NeuralNovel/Confinus-2x7B AWQ

image/jpeg

Model Summary

In the boundless sands ..

A model to test how MoE will route without square expansion.

"What is a Mixture of Experts (MoE)?"

The scale of a model is one of the most important axes for better model quality. Given a fixed computing budget, training a larger model for fewer steps is better than training a smaller model for more steps.

Mixture of Experts enable models to be pretrained with far less compute, which means you can dramatically scale up the model or dataset size with the same compute budget as a dense model. In particular, a MoE model should achieve the same quality as its dense counterpart much faster during pretraining.

So, what exactly is a MoE? In the context of transformer models, a MoE consists of two main elements:

Sparse MoE layers are used instead of dense feed-forward network (FFN) layers. MoE layers have a certain number of “experts” (e.g. 32 in my "frankenMoE"), where each expert is a neural network. In practice, the experts are FFNs, but they can also be more complex networks or even a MoE itself, leading to hierarchical MoEs!

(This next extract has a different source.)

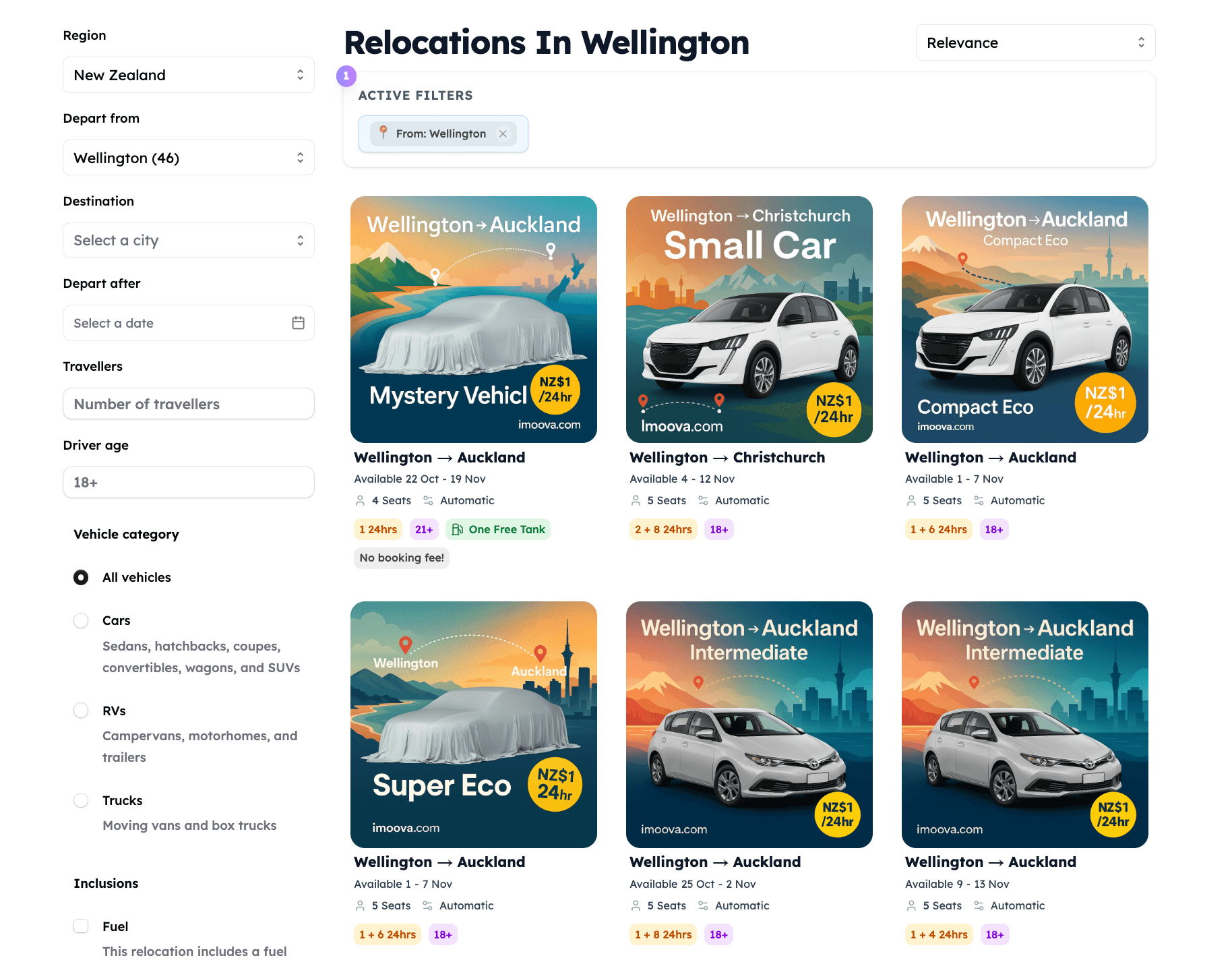 Imoova connects travellers with vehicles that need relocating across New Zealand. Rental companies save on transport — and you get a car or campervan for as little as $1/day, often with some fuel or ferry costs included.

A gate network or router, that determines which tokens are sent to which expert. For example, in the image below, the token “More” is sent to the second expert, and the token "Parameters” is sent to the first network. As we’ll explore later, we can send a token to more than one expert. How to route a token to an expert is one of the big decisions when working with MoEs - the router is composed of learned parameters and is pretrained at the same time as the rest of the network.

At every layer, for every token, a router network chooses two of these groups (the “experts”) to process the token and combine their output additively.